* Work instruction
Your task is to restate the listing word for word without the pictures.

---

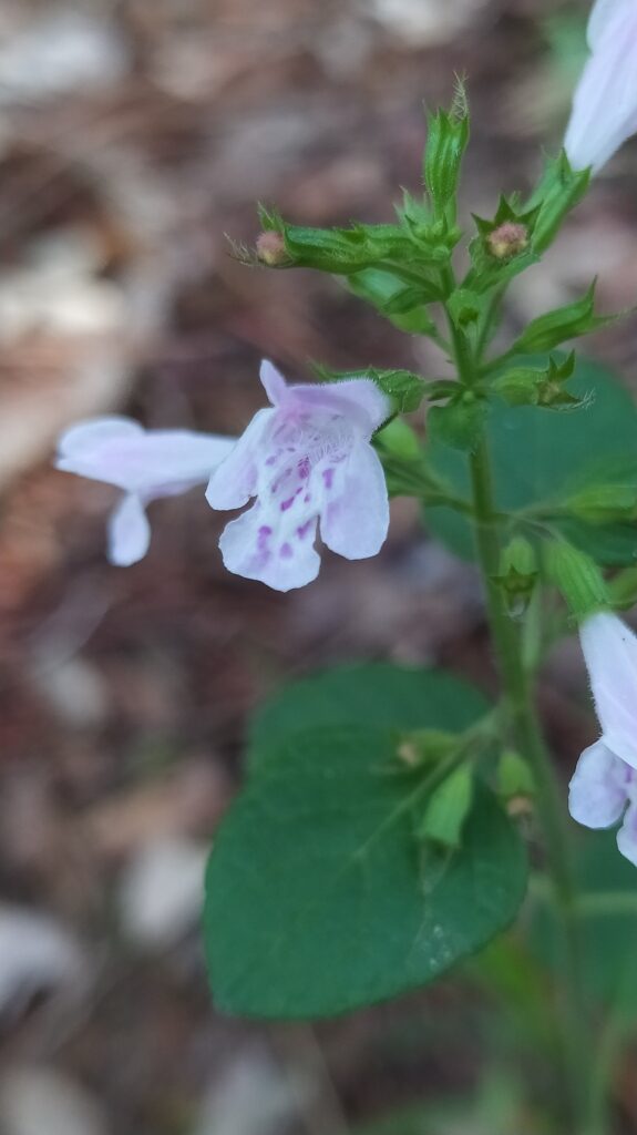 És una herba perenne de 20-60 cm, herbàcia o ± llenyosa a la base, ± pubescent, olorosa i amb les tiges normalment ramificades. Les fulles són oposades, peciolades, amplament ovades i de contorn subenter o lleugerament dentat. La inflorescència està disposada en cimes pedunculades laxes i axil·lars. Les bràctees inferiors són semblants a les fulles, les superiors més petites i enteres. El calze, de 3-7 mm, és bilabiat amb el llavi superior format per 3 dents triangular-lanceolades i l’inferior per dues dents lanceolato-linears. La corol·la, d’un blau-violaci pàl·lid, fa de 10-16 mm i ultrapassa la gorja del calze en 0,8-1 mm.
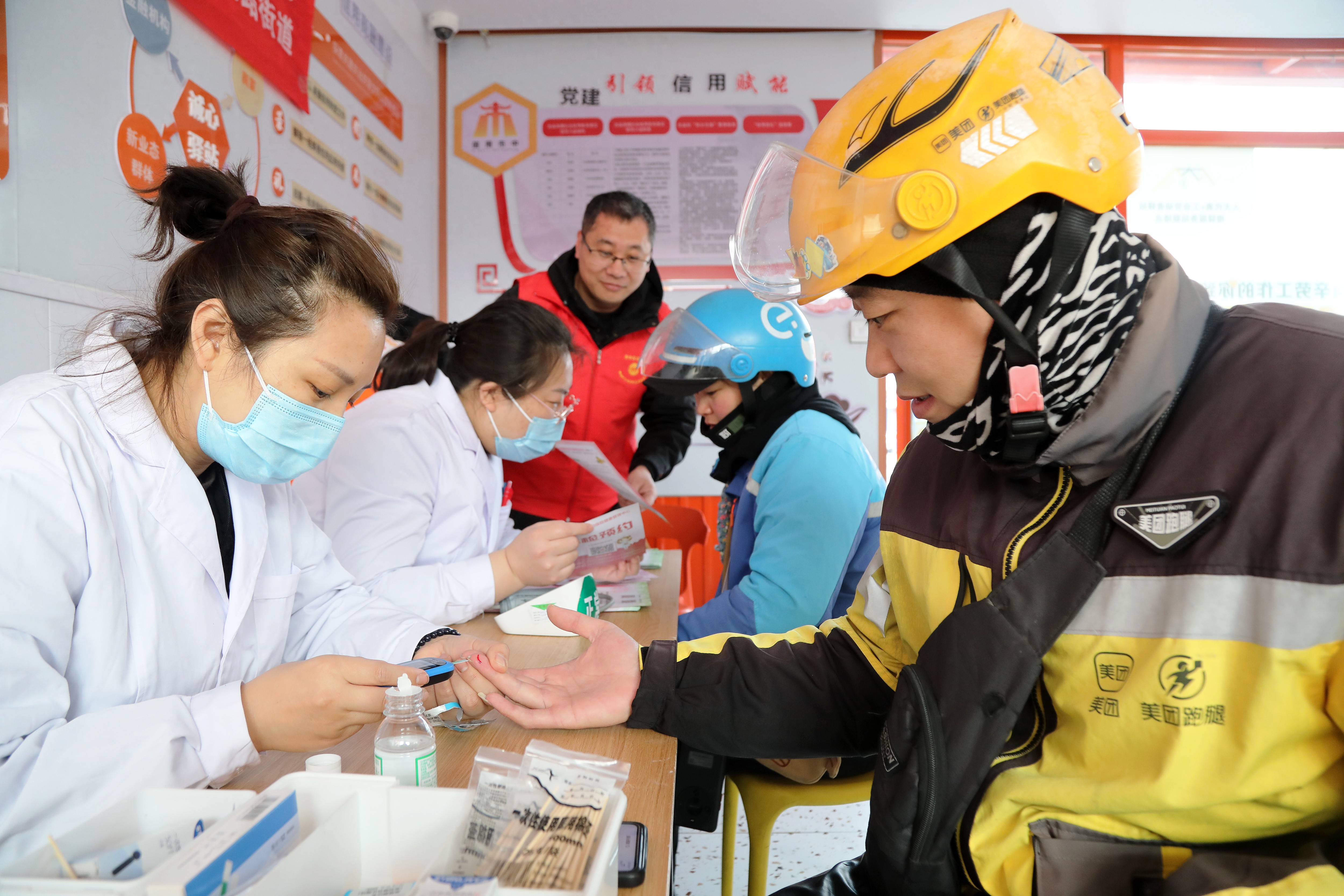 March 5, 2025, volunteers at a trade union station in Shizhong District, Zaozhuang City, Shandong Province, measured the blood sugar of food delivery drivers for free. Xinhua News Agency
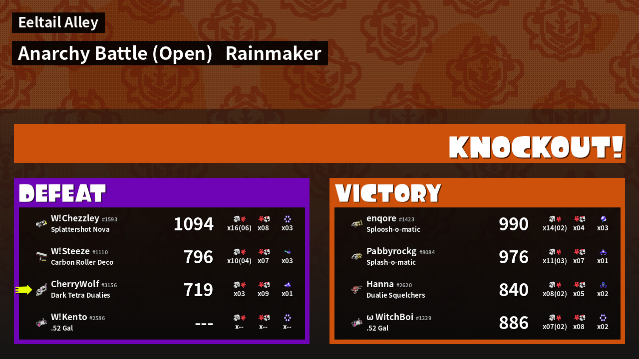 | Mode | Rainmaker - Anarchy Battle (Open) | ||
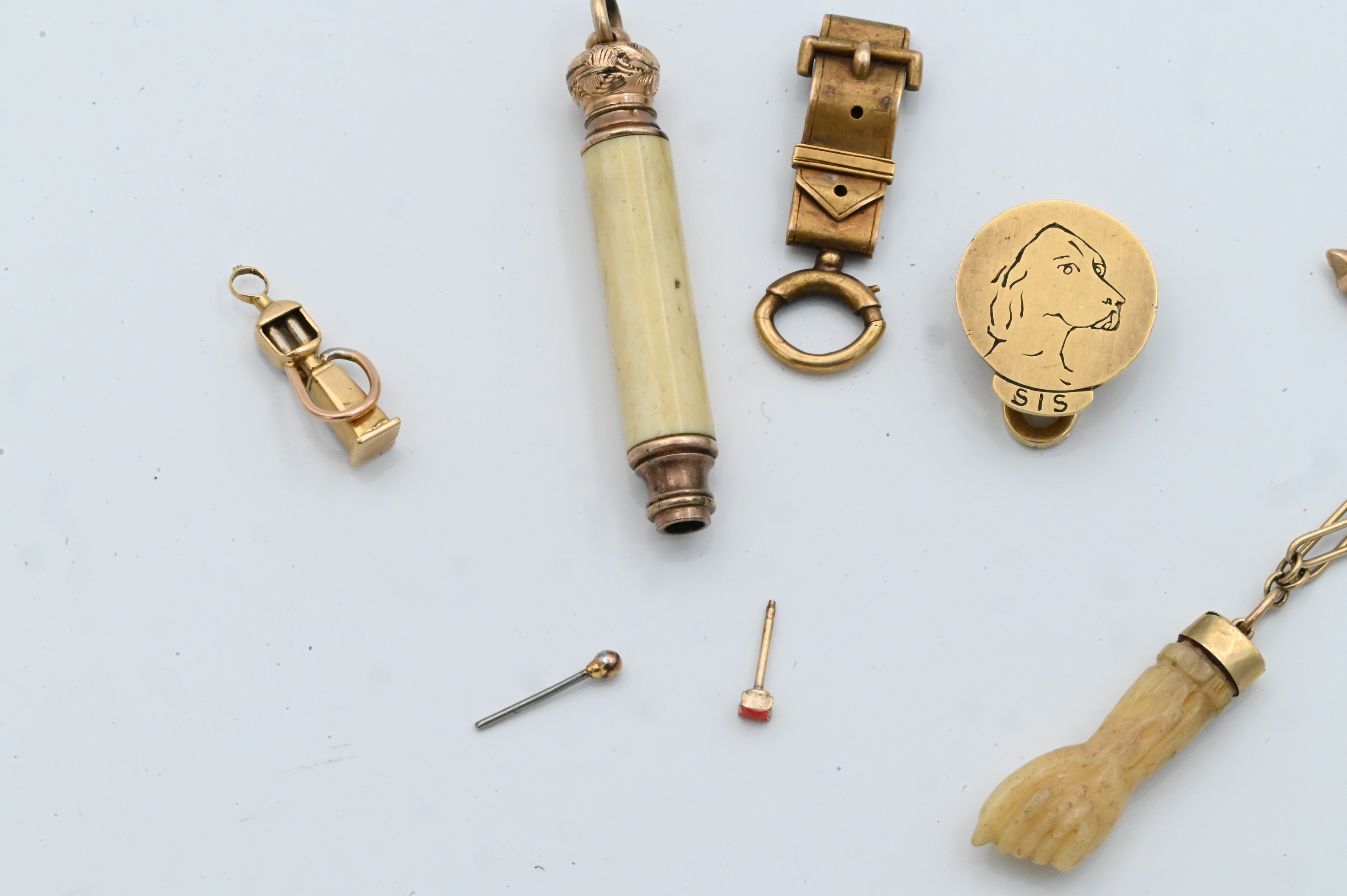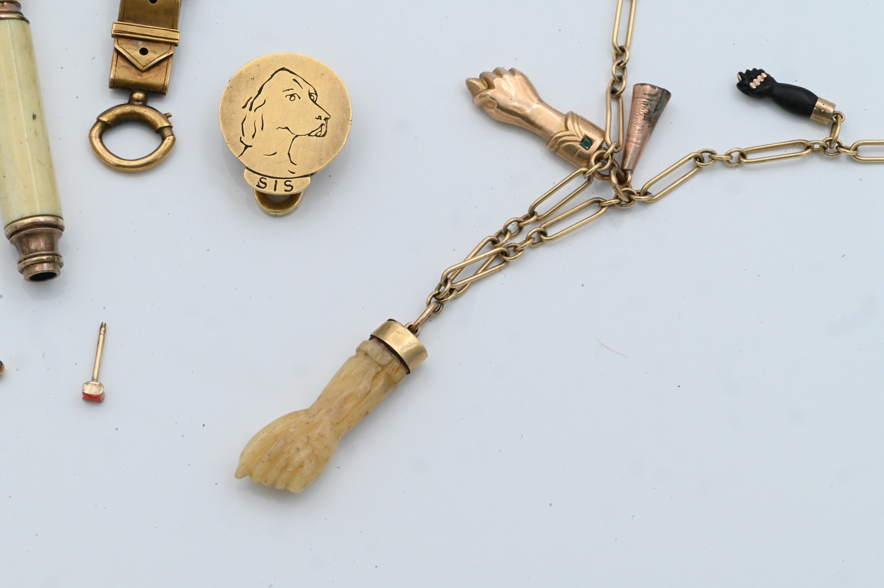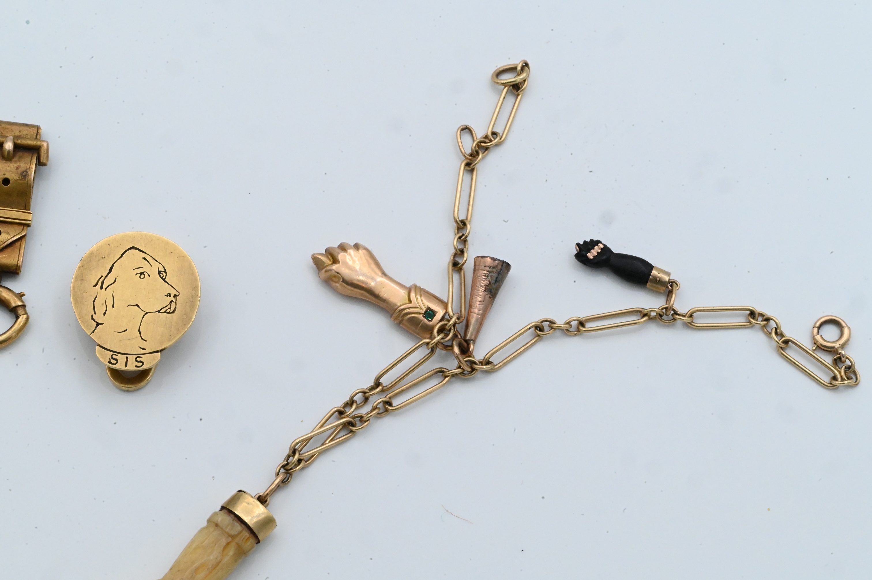 Including a 14K gold paperclip-link bracelet with carved bone hand and horn charms, a gold-tone retractable mechanical pencil with bone body and gold mounts, a gold and gold-tone fob engraved with a dog, an enamel charm, and other assorted small components.
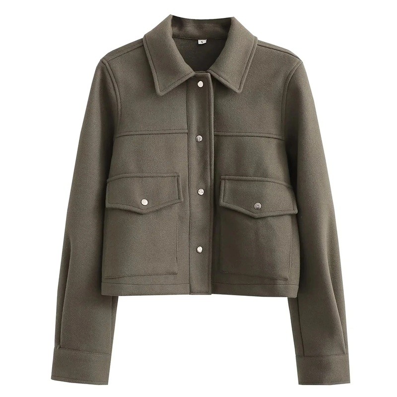 Dámská přechodová bunda se zapínáním na druky Stylová bunda do pasu s límcem Elegantní kabát s kapsami Jarní a podzimní sako
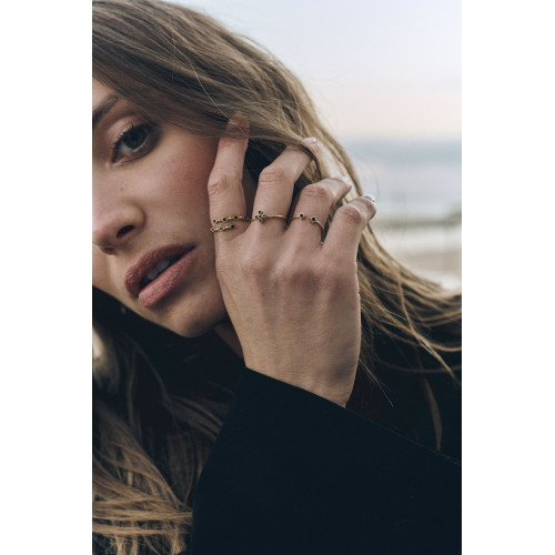 Sublimez votre main avec cette bague ajustable, ornée de cristaux noirs étincelants et délicatement dorée à l'or fin 24 carats.
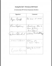 Portraits created by Gulf Coast residents affected by BP's Deepwater oil spill, submitted to the BP Portrait Award run by The National Portrait Gallery (NPG); http://facingthegulfportraitsofoil.blogspot.com
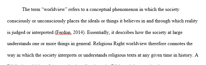 Question Prompt After reviewing the reading and study material on the Emergence of the Religious Right, you will gain a clearer understanding of the World View underlying the movement. Compare/Contrast the Worldview of the Religious Right, at the time of its founding, to your current Worldview.
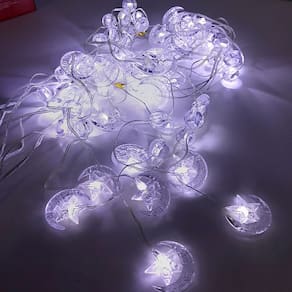 Cortina de Leds Luas e estrelas decorativa. Linda e ideal para: interior e exterior de ambiente e para decoração de eventos como natal, halloween, casamentos, festas e etc
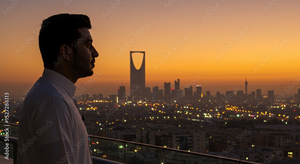 Obraz na płótnie Canvas - Silhouette of a Man Contemplating Riyadh's Skyline at Sunset.

---

* Answer for the task
 És una herba perenne de 20-60 cm, herbàcia o ± llenyosa a la base, ± pubescent, olorosa i amb les tiges normalment ramificades. Les fulles són oposades, peciolades, amplament ovades i de contorn subenter o lleugerament dentat. La inflorescència està disposada en cimes pedunculades laxes i axil·lars. Les bràctees inferiors són semblants a les fulles, les superiors més petites i enteres. El calze, de 3-7 mm, és bilabiat amb el llavi superior format per 3 dents triangular-lanceolades i l’inferior per dues dents lanceolato-linears. La corol·la, d’un blau-violaci pàl·lid, fa de 10-16 mm i ultrapassa la gorja del calze en 0,8-1 mm.
 March 5, 2025, volunteers at a trade union station in Shizhong District, Zaozhuang City, Shandong Province, measured the blood sugar of food delivery drivers for free. Xinhua News Agency
 | Mode | Rainmaker - Anarchy Battle (Open) | ||
 Including a 14K gold paperclip-link bracelet with carved bone hand and horn charms, a gold-tone retractable mechanical pencil with bone body and gold mounts, a gold and gold-tone fob engraved with a dog, an enamel charm, and other assorted small components.
 Dámská přechodová bunda se zapínáním na druky Stylová bunda do pasu s límcem Elegantní kabát s kapsami Jarní a podzimní sako
 Sublimez votre main avec cette bague ajustable, ornée de cristaux noirs étincelants et délicatement dorée à l'or fin 24 carats.
 Portraits created by Gulf Coast residents affected by BP's Deepwater oil spill, submitted to the BP Portrait Award run by The National Portrait Gallery (NPG); http://facingthegulfportraitsofoil.blogspot.com
 Question Prompt After reviewing the reading and study material on the Emergence of the Religious Right, you will gain a clearer understanding of the World View underlying the movement. Compare/Contrast the Worldview of the Religious Right, at the time of its founding, to your current Worldview.
 Cortina de Leds Luas e estrelas decorativa. Linda e ideal para: interior e exterior de ambiente e para decoração de eventos como natal, halloween, casamentos, festas e etc
 Obraz na płótnie Canvas - Silhouette of a Man Contemplating Riyadh's Skyline at Sunset.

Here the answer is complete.